Section: Scientific Foundations
Markovian modelling, simulation-based inference and decision
The Mathematical modelling of systems exposed to randomness is of particular interest whenever we seek an in depth understanding of complex stochastic phenomena or if we wish to infer noise-corrupted data. The underlying system can be static or dynamic. The state variables, the parameters and the observations can be finite, continuous, hybrid (continuous/discrete), graphical, time varying, pathwise, etc.
The first step in modelling is to describe the dependency graph connecting the different variables and parameters. Note that in the Bayesian networks framework this graph can be inferred from the data. The Markovian hypothesis is made in order to limit the complexity of the model and to allow for tractable algorithms. It consists in supposing that the dependency graph is limited to local connections. It appears in dynamic contexts (Markov random processes), in static contexts (Markov random field), as well as in spatio-temporal frameworks. From a statistical point of view, Markovian models can also feature hidden variables.
The Monte Carlo (MC) methods have expanded considerably over the past two decades, and have been successful in many areas.
In MC approaches, the quantity of interest is formulated in a probabilistic way as a functional of the distribution law of a stochastic process (or simply a random variable). By sampling independent trajectories of this process, we empirically approximate the underlying targeted distribution law. The convergence of this procedure is provided by the law of large numbers and the speed of convergence by central limit theorems.
MC approaches can be used for numerical approximation of complex systems distribution laws through empirical approximations [55] [61] . They are intensively used in Bayesian inference: “Markov chain Monte Carlo” (MCMC) in the static context [63] and “sequential Monte Carlo” (SMC, also called “particle filter”) in the dynamic context [56] . In the non-Bayesian approach, Monte Carlo techniques are used to explore likelihood functions [64] . They also gave rise to general algorithmics [57] . Monte Carlo methods are also used to approximate deterministic quantity of interest, usually represented as the expected value of a functional of a process trajectory. This quantity can also be the probability that a given event has occurred. Finally, simulation-based approaches allow for approximating Markov decision problems in random and partially observed situations [54] .
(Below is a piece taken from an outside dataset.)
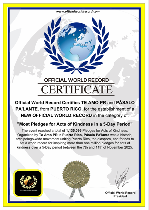 “Puerto Rico le demostró al mundo que la bondad es una fuerza más poderosa que cualquier tormenta. Lo que comenzó como una idea sencilla; inspirar un acto de amor que provocara otro; se convirtió en un movimiento histórico que superó el millón de actos de bondad. Este récord mundial le pertenece a cada persona que escogió la compasión por encima de la división. Puerto Rico comprobó que cuando lideramos con amor, todo es posible”, expresó Chin Yao, cofundadora de Te Amo PR.
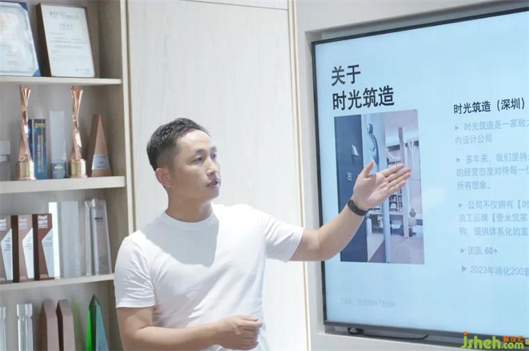 在联合创始人之一的张君老师带领下,我们参观了时光筑造的办公室,一进门,一张大大的会议桌映入眼帘,两旁的墙上挂满了过往的荣誉以及客户的照片。在 LOFT 结构中,一层景观最佳的位置都被设置为客户洽谈室,从这些细节中,我们深切感受到了时光筑造对客户服务的高度重视。这也是他们在激烈的市场竞争中,能够持续稳定地出品高质量、高数量家装设计项目的重要原因之一。

MC methods can lead to very poor results because trajectories are generated blindly. Classically, adequacy to the specific problem or to data is handled afterwards by weighting the different trajectories: the higher the weight, the more the trajectory matches the targeted phenomenon or data. Some of these weights could be negligible, in which case the corresponding trajectories will not contribute to the estimator, i.e. computing power has been wasted. Recent advances, like sequential Monte Carlo or population Monte Carlo, focus on mutation-selection mechanisms that automatically concentrate MC simulations, i.e. the available computing power, into regions of interest of the state space.
Markovian modelling and algorithmics are applied successfully in numerous fields, a reason for this is its strong theoretical background. The limit behaviors of Markov processes are reasonably well identified [62] , allowing for precise analyses of the asymptotic behavior of the proposed models, as well as convergence properties of the simulation-based inference algorithms. The development of these sophisticated MC methods, together with the associated mathematical analysis, which we can summarize as Markovian engineering, represents one of the major breakthroughs in applied probability.
The Markovian approach presents many features that can be exploited for modeling in ecology. This approach integrates the tools from statistical physics and allows to model the dynamics of large number of individuals with interactions. This type of dynamics is frequently encountered in ecology, e.g., in individual-based models (IBM). The Markov and statistical physics approaches are also suitable for multi-scale modeling and analysis which also is one of the main features of ecological systems. They also bridge spatially explicit and individual-based models with aggregated models. This framework also includes the analysis of so-called neutral community models [59] .